Replace the hand-rolled make([]byte, 0, 1024) + make([]byte, 4096) read loop in WebhookServer.ServeHTTP with a sync.Pool-backed bytes.Buffer drained via ReadFrom, fronted by http.MaxBytesReader for the 1 MiB body cap.
putWebhookBuf caps Cap() at 256 KiB before returning to the pool so a rare oversized update (max body is 1 MiB) doesn't permanently bloat the pool.
Bench delta on Webhook_ServeHTTP: 2564ns -> 2020ns (-21%), 12707B -> 7648B (-40%), 24 -> 23 allocs. The big byte saving is the 4 KiB tmp buffer + 1 KiB initial buf cap, replaced by one reused buffer across requests. The remaining alloc count is dominated by codec.Unmarshal decoding Update's pointer fields (*string, *int64), which is downstream of this change.
Replace io.ReadAll(resp.Body) on the typed Call/callMultipart paths with a sync.Pool-backed bytes.Buffer + ReadFrom. Saves the 512B initial allocation that ReadAll grows from on every successful call.
The pool only covers paths whose decoder copies strings out of the input (decodeResult delegates to goccy/go-json, which copies). CallRaw and callMultipartRaw return slices that alias the buffer storage, so they keep the io.ReadAll path; pooling there would need a defensive copy that defeats the saving.
putRespBuf caps Cap() at 64 KiB before returning to the pool so a single oversized response (e.g. large getFile metadata) doesn't bloat the pool for the rest of the process.
Bench delta on Call_BoolResponse: 14 allocs -> 13 allocs, 1842B -> 1331B, 526ns -> 479ns. Same shape on Call_StructResponse (16 -> 15, 1973B -> 1462B).
Move the three conventional Values keys ("command", "command_args", "regex_match") to typed fields on Context. Router and group routing write the fields directly; the Values map is allocated lazily via the new Set method and reserved for user-defined custom keys.

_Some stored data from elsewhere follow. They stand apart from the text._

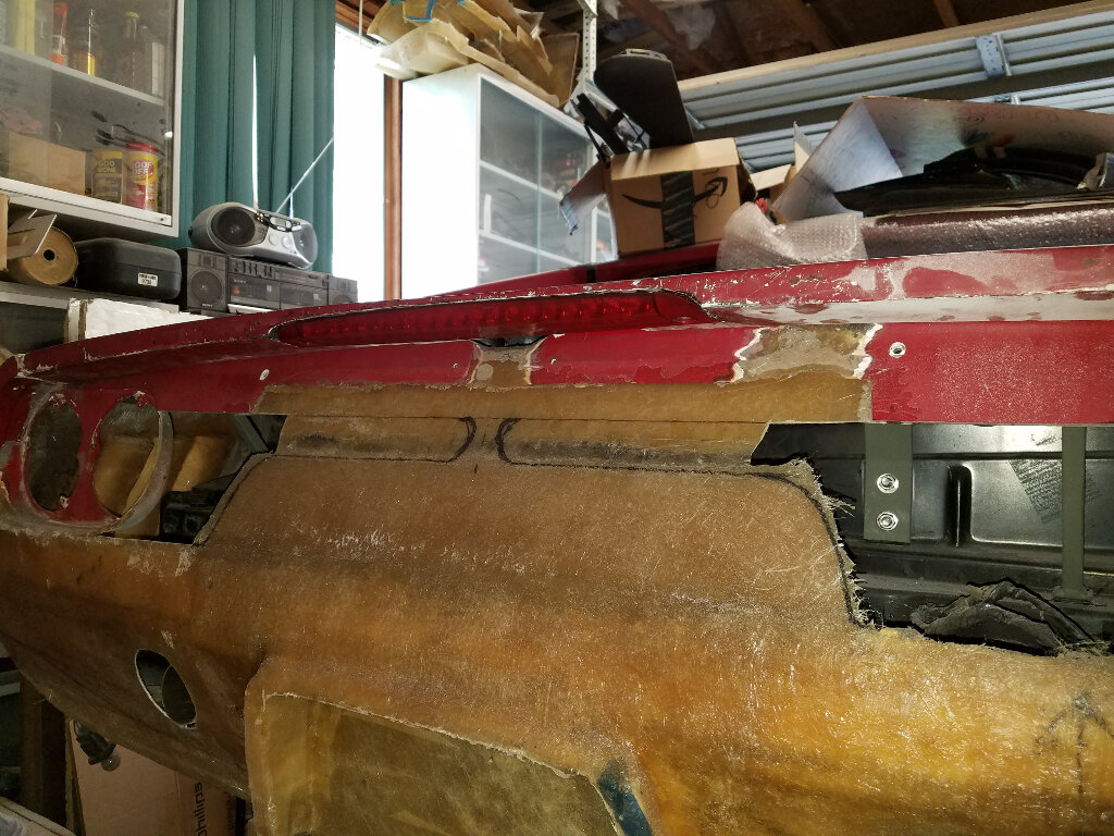 First off, I roughed in the third brake light. It's a Subaru piece, although I saw a Nissan piece that was identical.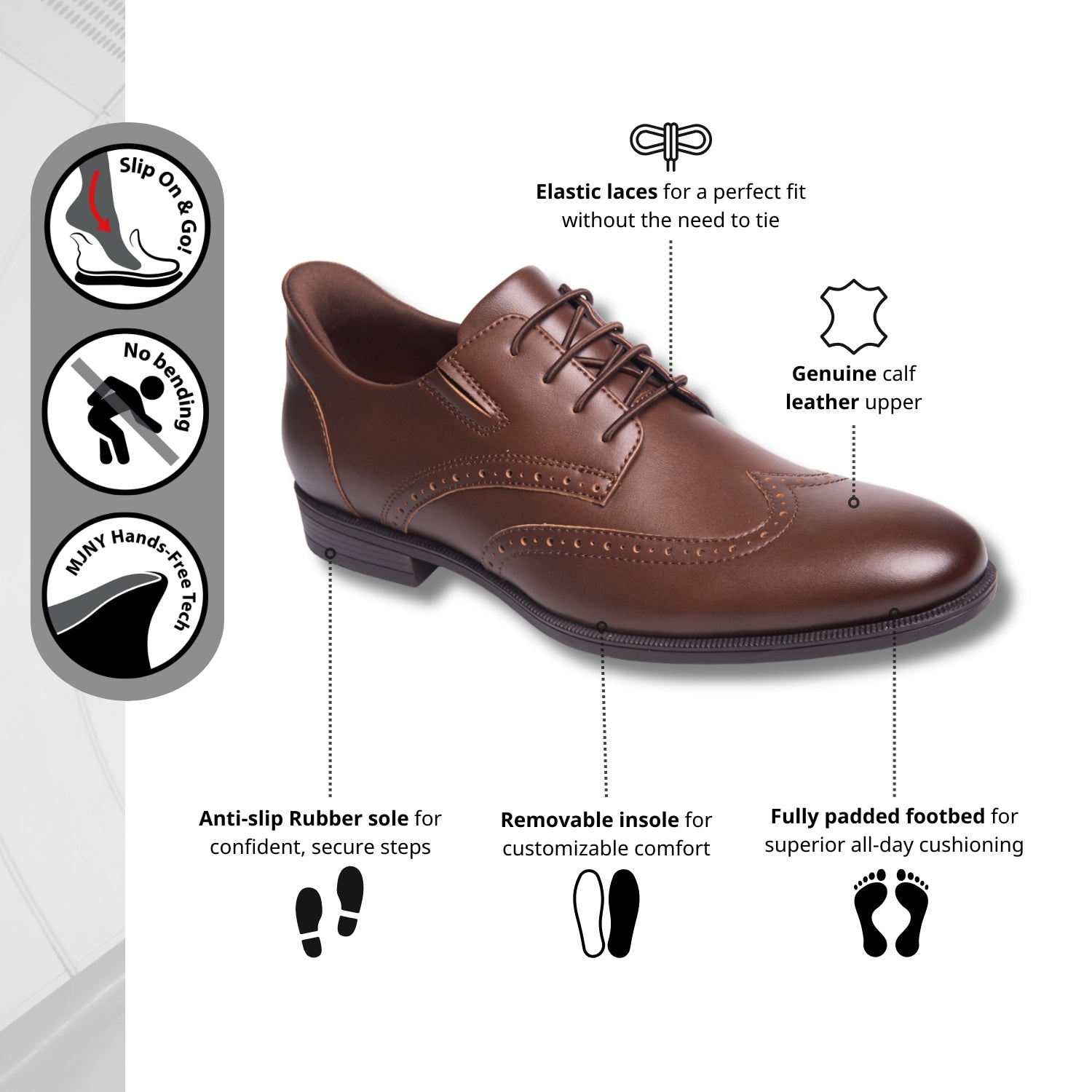 The 'Howard St' blends timeless Oxford elegance with modern innovation, delivering a shoe that is as functional as it is refined. Expertly crafted in genuine calf leather, both upper and lining, it offers supple comfort and enduring quality that elevates every step. Enhanced with Hands-Free Tech and elastic laces, this style allows effortless slip-on convenience while preserving a clean, traditional lace-up look. With its classic wingtip detailing and contemporary ease, the 'Howard St' is designed for men who appreciate heritage craftsmanship without compromising on everyday practicality.
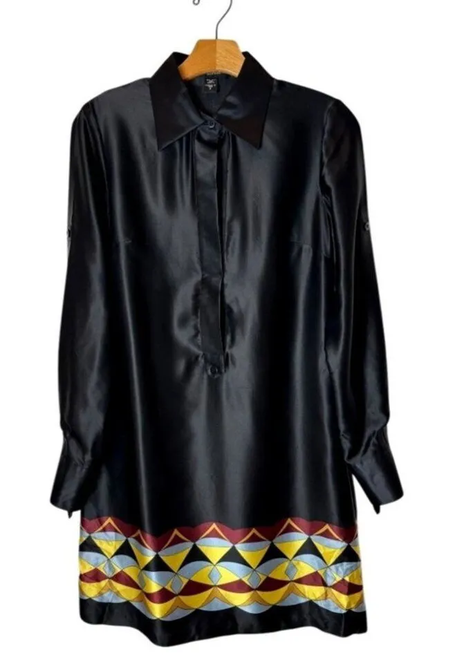 Prepare to dazzle and confuse your friends with this black satin tunic dress! It’s like wearing a silky night sky, but with geometric shapes that scream, “I’m artsy and I know it!” Perfect for when you want to look sophisticated, but also slightly mysterious.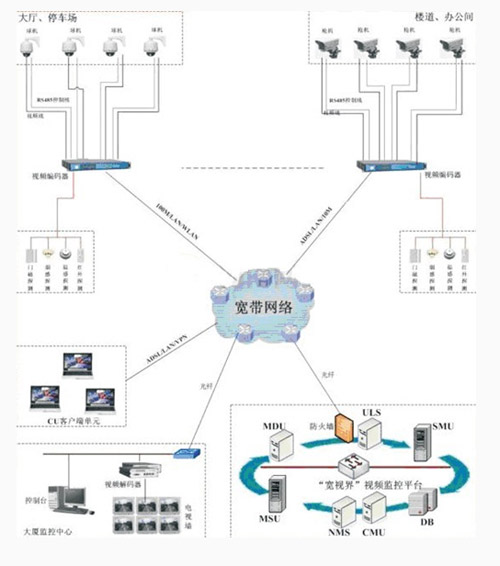 如下图所示,本监控方案在大厦走廊、大厅设置摄像头对图像进行采集,编码器连接到摄像头上,对摄像头进行控制,同时将摄像头采集的模拟信号或数字信号上传到联通宽带网上。由于大厦的监控点分布密集,可采用光纤的接入方式接入互联网。视频码流经过监控平台转发,通过互联网传输到监控中心。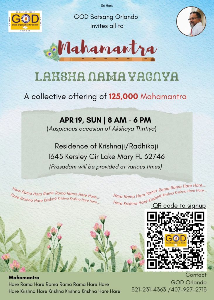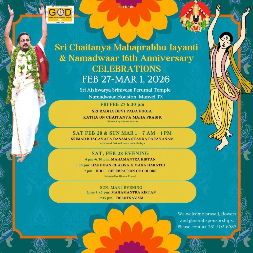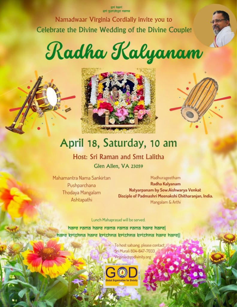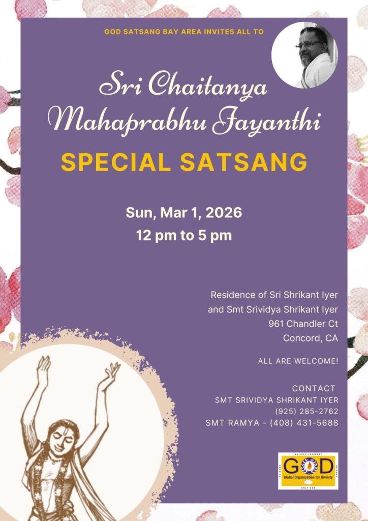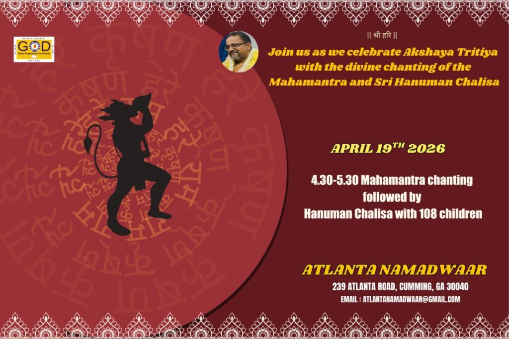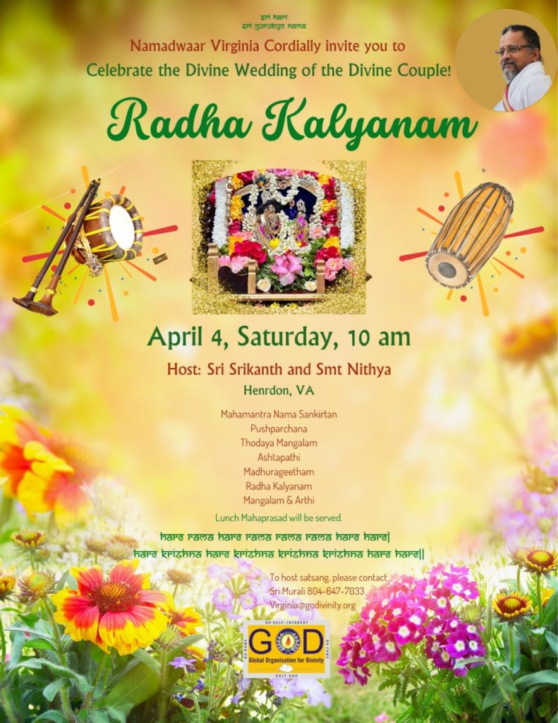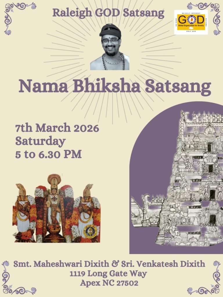 Radhe Radhe. Koti Namaskarams and Pranams to Guruji Maharaj’s Renaissance-Supreme Holy Feet that brings about Metamorphosis in the Cosmos, in entirety! Guruji Maharaj, an ‘Embodiment of Peace’, is that Divine Architect who has produced an Enchantingly Enduring Legacy that remains Etched Eternally, in our memory! The Lustrous Gems of Events, strung under the Caption, “Upcoming Satsangs in USA / Canada”, is mind-blowing, mildly stated! Excepting Guruji Maharaj’s Incalculable Grace, it is next to impossible to chart those Overwhelming Satsangs and we are definitely bewildered and dazed as to how such Sublime and Superior Programs can first of all be conceived, leave alone achieving Immaculate Execution! Even the Captions have the Efficacy to propel our thoughts to that ‘Bliss-encompassed’ levels! Flipping through the chronicle of events itself is a magical source of Joyousness that speaks eloquently about Guruji Maharaj’s Abiding Passion in elevating us to that Inconceivably Aggrandized Spiritual Levels, persistently! For context, each and every Invite is Rich in Design, Guruji Maharaj’s Divine Photographs [with different delectable postures] adorning them are Classy & Inspiring, Wordings embossed are out of the world [Gratitude Nama Mahamantra Nama Sankirtan, Radha Madhav Vivah, Gambhira Srinivasa, KrishnAji kA KhELA, Madhura Utsav, Narasimha Jayanti – Namadwaar Seattle (Sri Prahlad’s cute & humble posture, sitting on the Lap of Majestic Lord Narasimha, embracing Sri Prahlad is magnificent)] – succinctly, the whole enchilada is saccharine-soaked, out of the world, irrefutably! Thanks in tons to our Master Craftsman, Guruji!!

Allocation impact (M4 Max, b.Loop()):
DispatchCommand: 5 allocs/op -> 1, 153ns -> 69ns (-55%)
DispatchTextRegex: 5 allocs/op -> 2, 181ns -> 107ns (-41%)
DispatchFilter: 2 allocs/op -> 1, 32ns -> 19ns (-41%)
NewContext: 5.79ns -> 1.60ns
Trade-off: Context struct grew from ~48B to ~96B (three new fields), so filter-only paths pay ~50B more per dispatch. Command/regex paths save ~320B + 4 allocs each, which dominates for typical bot workloads.
Handlers reading c.Values["command"], c.Values["command_args"], or c.Values["regex_match"] now get nil; the typed fields c.Command, c.CommandArgs, c.RegexMatch are the new accessors. Custom keys still work via c.Set(k, v) and c.Values[k].
Two changes on the Call hot path:
* Replace httpReq.Header.Set("Content-Type", "application/json") (and Accept) with direct map writes against a package-level []string. Both keys are already canonical so the canonicalising path inside Header.Set was pure overhead; saves the per-call []string{val} allocation x2.
* Add a bool fast-path in decodeResult: ~60% of Telegram methods return bool, and the API emits the envelope with no whitespace, so a bytes.Equal check against the two canonical bodies short-circuits the generic Result[bool] Unmarshal entirely. any(true).(Resp) does not box thanks to Go's static bool interface values.
Combined effect on Call_BoolResponse: 18 -> 14 allocs/op, 634ns -> 526ns. DecodeResult_Bool isolation bench: 50ns / 2 allocs -> 2.87ns / 0 allocs.
Hermetic benchmarks (no network) covering Call encode+decode, webhook ServeHTTP body parse, and Router dispatch (command/regex/filter). Use Go 1.24+ b.Loop() idiom. .benchstats/baseline.txt pins the pre-optimisation numbers for benchstat comparisons.